As you can see, this also gives you the ‘total’ percents by month and pollster.

Column Percents and Row Percents

The final option is to show column percents or row percents. We’ll start with column percents. You calculate them as shown below.

Table columnPercents = table.xTabColumnPercents("month", "who");

Look at the column for “fox”, the values you see are the percentages for fox alone: 9% of fox’s polls were conducted in April, 5% in August, etc.

Looking across the columns on the other hand is not very intuitive (or useful, probably) until you get to the total, which shows the average across all pollsters by month.

                              Crosstab Column Proportions:                               
 [labels]   |  fox   |  gallup  |  newsweek  |  time.cnn  |  upenn  |  zogby  |  total  |
-----------------------------------------------------------------------------------------
     APRIL  |    9%  |      8%  |        5%  |        3%  |     0%  |     7%  |     7%  |
    AUGUST  |    5%  |      7%  |        4%  |        3%  |     0%  |     4%  |     5%  |
  DECEMBER  |    6%  |      8%  |        7%  |       10%  |    20%  |    11%  |     8%  |
  FEBRUARY  |   11%  |      8%  |        7%  |       13%  |    10%  |     9%  |     9%  |
   JANUARY  |   11%  |     11%  |       11%  |       10%  |    50%  |    18%  |    13%  |
      JULY  |    9%  |      8%  |        7%  |       10%  |     0%  |     9%  |     8%  |
      JUNE  |    9%  |      9%  |        2%  |        3%  |     0%  |     9%  |     7%  |
     MARCH  |    8%  |     10%  |        7%  |       10%  |     0%  |    13%  |     9%  |
       MAY  |    6%  |      8%  |        9%  |       10%  |     0%  |     2%  |     7%  |
  NOVEMBER  |    6%  |      8%  |       11%  |       10%  |    10%  |     2%  |     7%  |
   OCTOBER  |   11%  |      8%  |       15%  |        7%  |    10%  |     7%  |    10%  |
 SEPTEMBER  |    8%  |      8%  |       15%  |       10%  |     0%  |     9%  |     9%  |
     Total  |  100%  |    100%  |      100%  |      100%  |   100%  |   100%  |   100%  |

Row percents show the opposite viewpoint.

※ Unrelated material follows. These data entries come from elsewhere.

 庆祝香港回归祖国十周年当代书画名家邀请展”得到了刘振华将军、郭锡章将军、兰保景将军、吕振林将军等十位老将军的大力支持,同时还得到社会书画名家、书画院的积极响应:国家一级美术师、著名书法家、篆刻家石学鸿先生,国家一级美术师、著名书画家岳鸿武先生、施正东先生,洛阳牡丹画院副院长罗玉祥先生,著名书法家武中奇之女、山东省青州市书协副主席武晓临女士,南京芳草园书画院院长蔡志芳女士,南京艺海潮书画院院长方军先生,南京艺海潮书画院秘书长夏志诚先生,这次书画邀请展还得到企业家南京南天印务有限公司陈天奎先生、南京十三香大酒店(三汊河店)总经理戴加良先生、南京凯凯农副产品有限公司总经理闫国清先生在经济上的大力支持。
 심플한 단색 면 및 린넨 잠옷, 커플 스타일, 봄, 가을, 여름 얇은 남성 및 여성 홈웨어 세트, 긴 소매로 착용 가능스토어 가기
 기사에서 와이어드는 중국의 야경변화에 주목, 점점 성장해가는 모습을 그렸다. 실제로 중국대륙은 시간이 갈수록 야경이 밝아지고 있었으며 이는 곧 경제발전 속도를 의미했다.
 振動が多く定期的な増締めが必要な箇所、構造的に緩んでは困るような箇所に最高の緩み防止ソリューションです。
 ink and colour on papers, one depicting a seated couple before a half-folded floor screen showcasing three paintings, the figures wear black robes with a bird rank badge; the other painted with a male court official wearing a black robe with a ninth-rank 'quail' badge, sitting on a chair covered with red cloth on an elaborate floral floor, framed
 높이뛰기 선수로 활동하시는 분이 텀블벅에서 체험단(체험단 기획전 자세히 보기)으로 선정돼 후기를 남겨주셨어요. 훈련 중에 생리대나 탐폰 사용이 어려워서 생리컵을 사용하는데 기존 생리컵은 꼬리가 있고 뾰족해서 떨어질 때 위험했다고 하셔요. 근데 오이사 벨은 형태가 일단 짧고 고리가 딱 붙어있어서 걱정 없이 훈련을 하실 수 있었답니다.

Table rowPercents = table.xTabRowPercents("month", "who");

Here we see that, of all the polls conducted in April, fox conducted 26%, Gallup 43%, and The University of Pennsylvania conducted 0% with rounding.

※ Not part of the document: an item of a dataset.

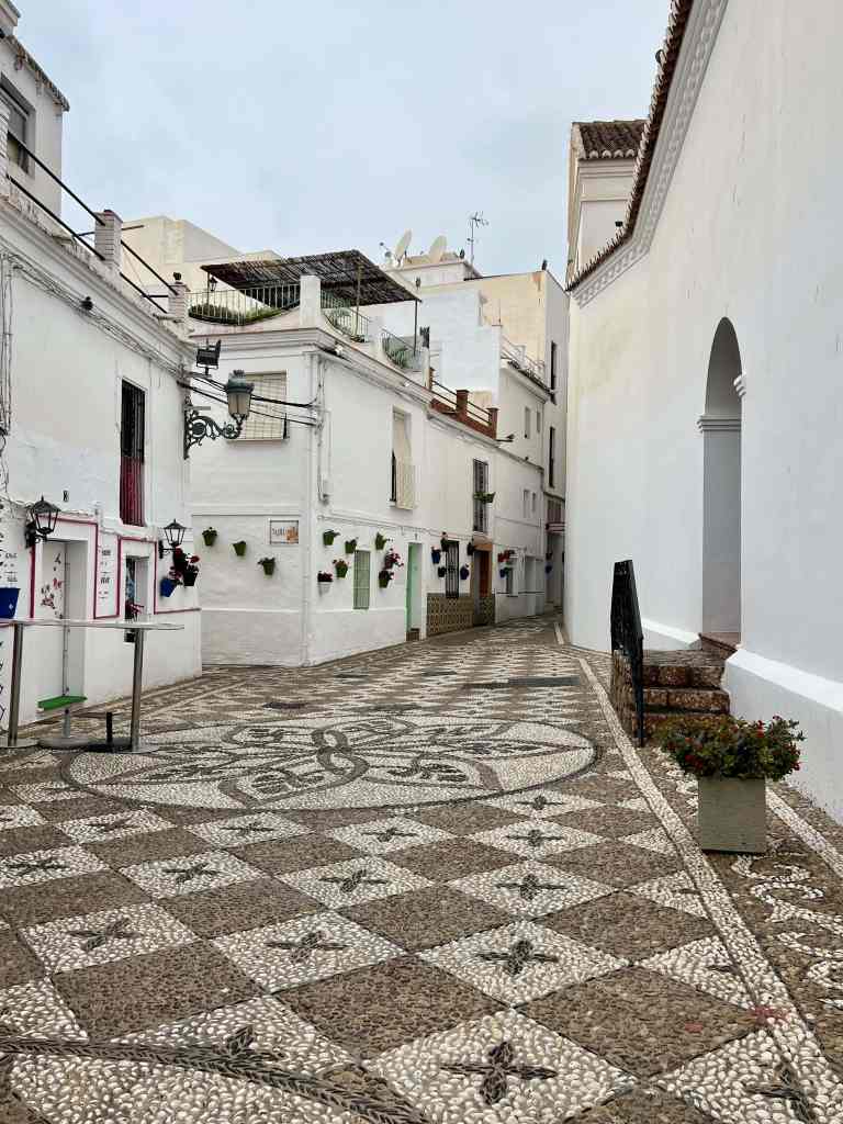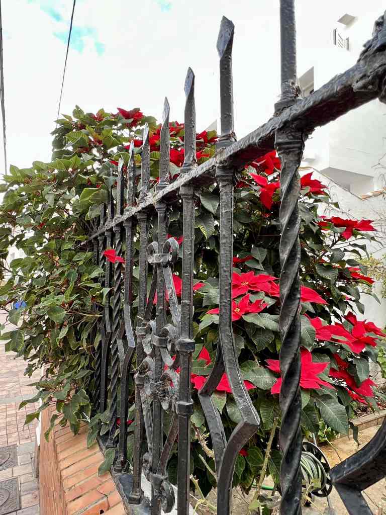 Aside from the views, Nerja is a lovely town itself, nestled between mountains and sea. It was festive for Christmastime and New Years, has some of those amazing stone walkways, and is adorned in beautiful flowers everywhere. You can smell the fresh leather when you pass certain shops, and you can enjoy a cafe con leche or aperitif while watching families, retirees, and everyone in between stroll by.

                               Crosstab Row Proportions:                                
 [labels]   |  fox  |  gallup  |  newsweek  |  time.cnn  |  upenn  |  zogby  |  total  |
----------------------------------------------------------------------------------------
     APRIL  |  26%  |     43%  |       13%  |        4%  |     0%  |    13%  |   100%  |
    AUGUST  |  19%  |     50%  |       12%  |        6%  |     0%  |    12%  |   100%  |
  DECEMBER  |  15%  |     33%  |       15%  |       11%  |     7%  |    19%  |   100%  |
  FEBRUARY  |  24%  |     31%  |       14%  |       14%  |     3%  |    14%  |   100%  |
   JANUARY  |  17%  |     31%  |       14%  |        7%  |    12%  |    19%  |   100%  |
      JULY  |  23%  |     35%  |       15%  |       12%  |     0%  |    15%  |   100%  |
      JUNE  |  26%  |     48%  |        4%  |        4%  |     0%  |    17%  |   100%  |
     MARCH  |  17%  |     40%  |       13%  |       10%  |     0%  |    20%  |   100%  |
       MAY  |  18%  |     41%  |       23%  |       14%  |     0%  |     5%  |   100%  |
  NOVEMBER  |  17%  |     38%  |       25%  |       12%  |     4%  |     4%  |   100%  |
   OCTOBER  |  23%  |     32%  |       26%  |        6%  |     3%  |    10%  |   100%  |
 SEPTEMBER  |  17%  |     33%  |       27%  |       10%  |     0%  |    13%  |   100%  |
     Total  |  20%  |     37%  |       17%  |        9%  |     3%  |    14%  |   100%  |

And that’s all there is to Tablesaw CrossTabs.